**Extracted data:**

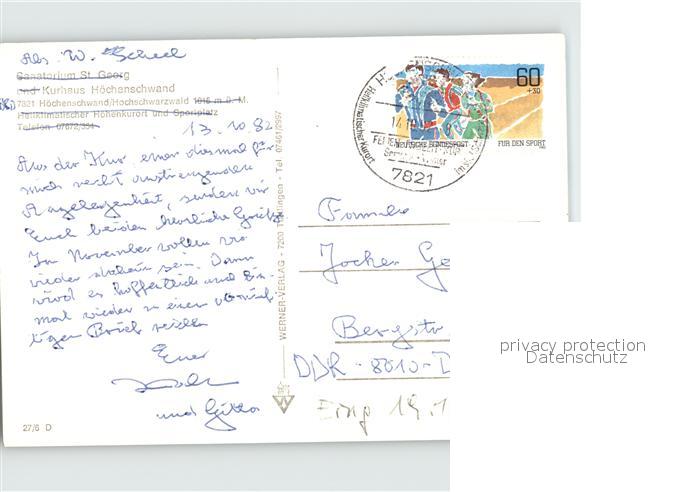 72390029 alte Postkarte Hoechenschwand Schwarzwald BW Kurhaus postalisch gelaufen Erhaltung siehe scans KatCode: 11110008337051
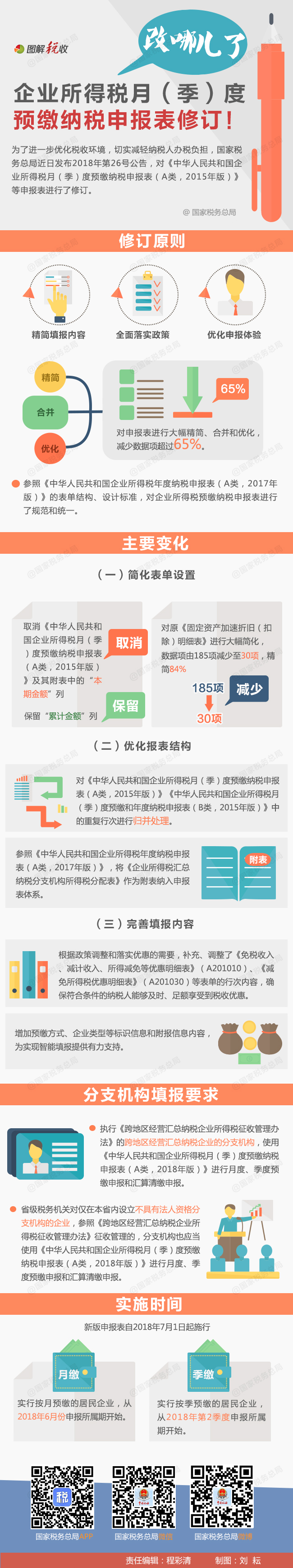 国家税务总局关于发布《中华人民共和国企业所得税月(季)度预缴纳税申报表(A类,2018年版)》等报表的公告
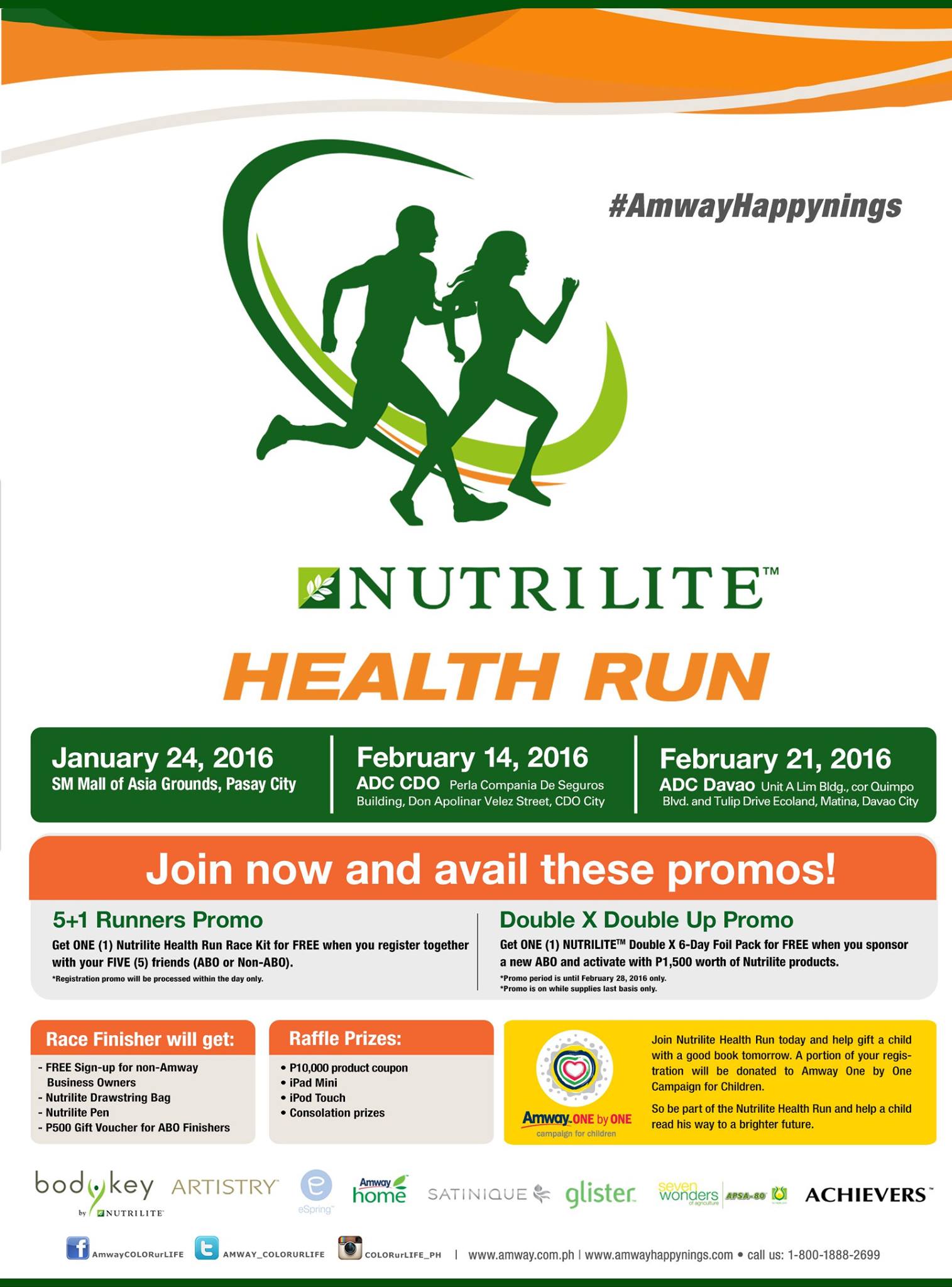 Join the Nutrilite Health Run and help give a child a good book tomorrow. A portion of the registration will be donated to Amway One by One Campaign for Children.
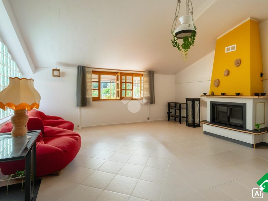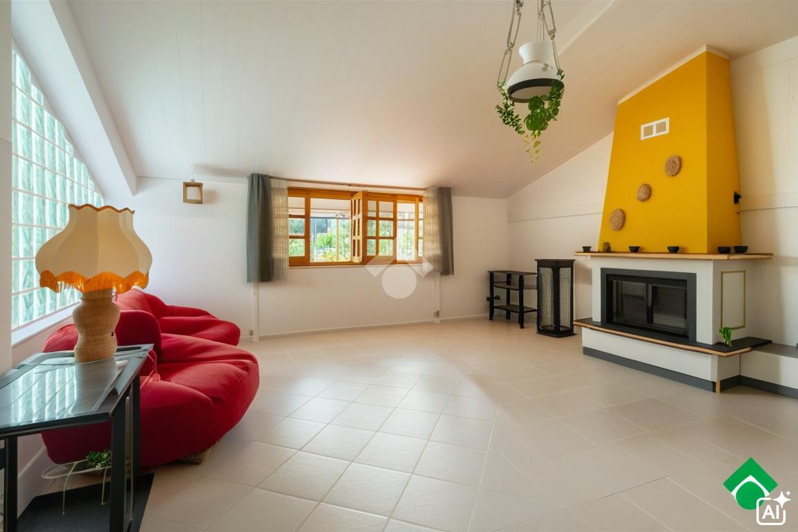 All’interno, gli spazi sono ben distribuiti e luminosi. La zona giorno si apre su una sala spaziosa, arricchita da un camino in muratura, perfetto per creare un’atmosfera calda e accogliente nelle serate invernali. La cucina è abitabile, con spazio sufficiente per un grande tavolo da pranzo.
--
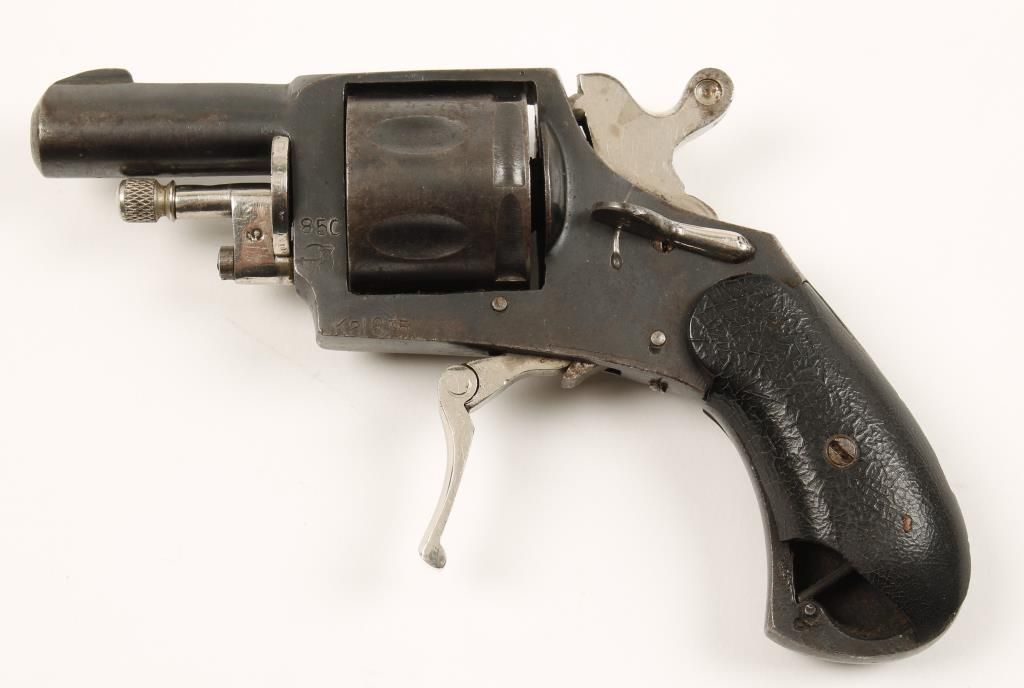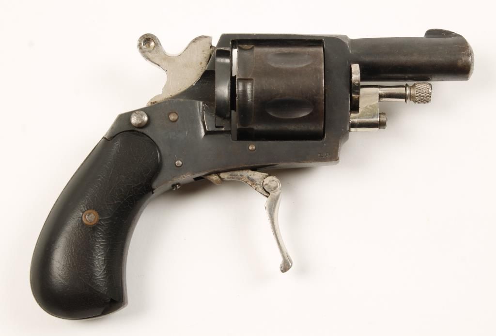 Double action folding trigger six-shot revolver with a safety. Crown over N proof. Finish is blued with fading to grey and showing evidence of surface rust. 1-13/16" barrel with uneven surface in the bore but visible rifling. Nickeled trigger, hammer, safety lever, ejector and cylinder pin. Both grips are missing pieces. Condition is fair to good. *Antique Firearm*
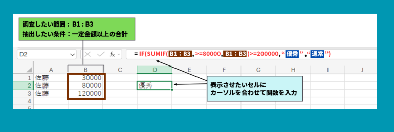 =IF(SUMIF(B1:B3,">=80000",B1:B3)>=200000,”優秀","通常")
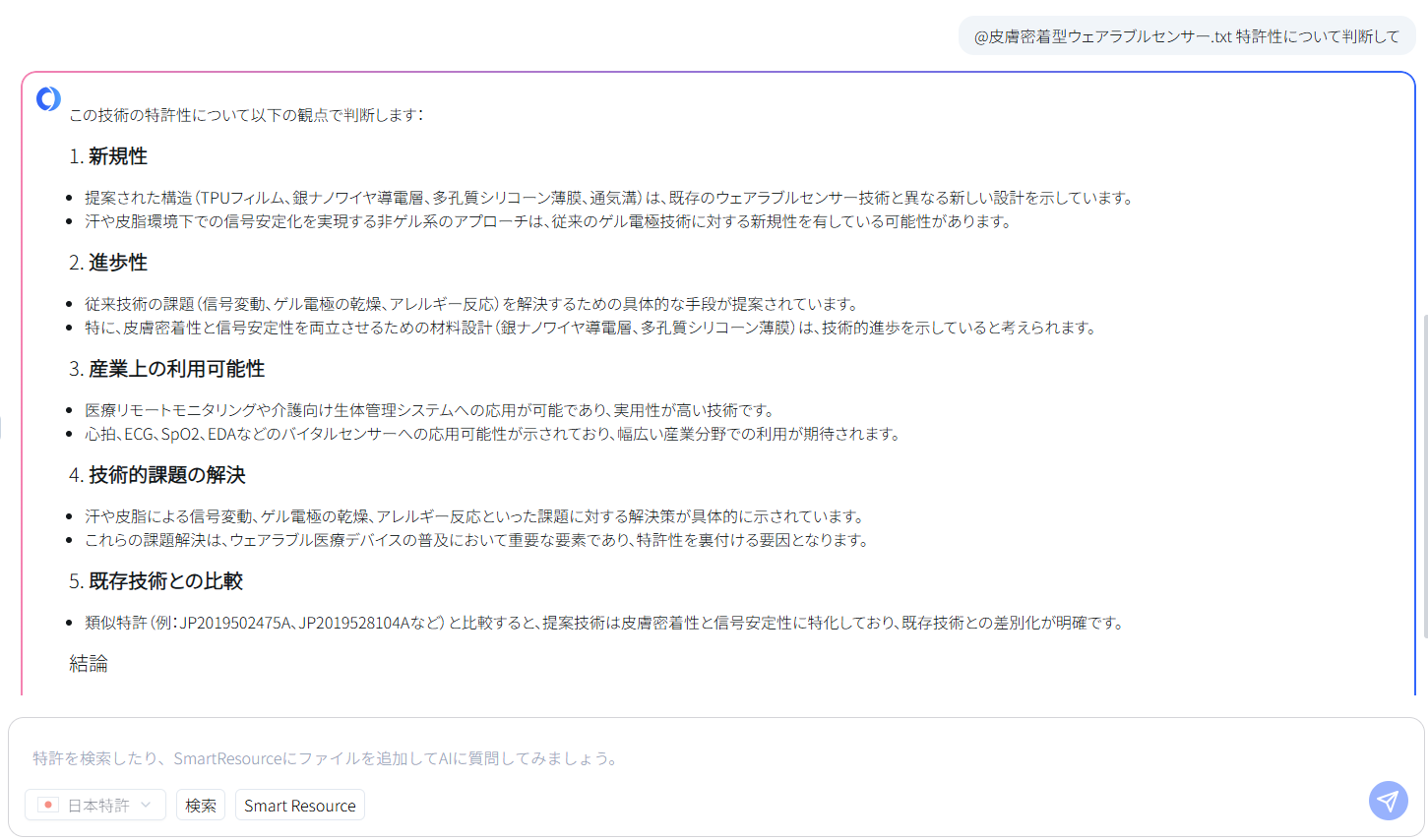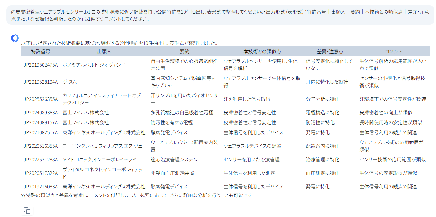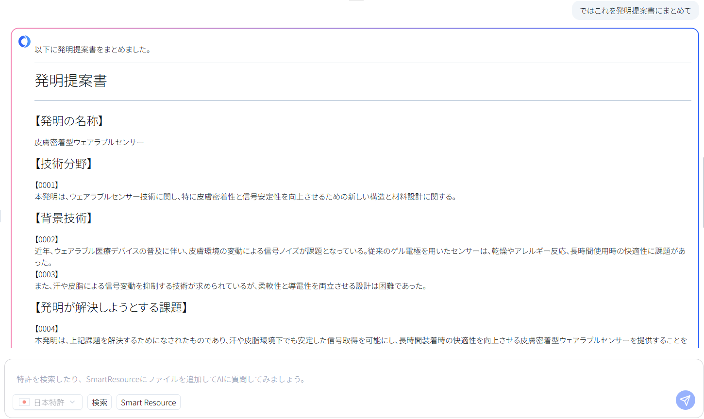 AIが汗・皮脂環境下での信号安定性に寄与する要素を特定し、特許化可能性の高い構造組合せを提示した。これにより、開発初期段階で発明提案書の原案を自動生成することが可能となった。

**Task objective:** The copy should hold only the lines from the one with "国家税务总局关于发布《中华人" through the one with "All’interno, gli spazi", exactly as they stand above. Leave out the pictures.

**Answer for the task:**
 国家税务总局关于发布《中华人民共和国企业所得税月(季)度预缴纳税申报表(A类,2018年版)》等报表的公告
 Join the Nutrilite Health Run and help give a child a good book tomorrow. A portion of the registration will be donated to Amway One by One Campaign for Children.
 All’interno, gli spazi sono ben distribuiti e luminosi. La zona giorno si apre su una sala spaziosa, arricchita da un camino in muratura, perfetto per creare un’atmosfera calda e accogliente nelle serate invernali. La cucina è abitabile, con spazio sufficiente per un grande tavolo da pranzo.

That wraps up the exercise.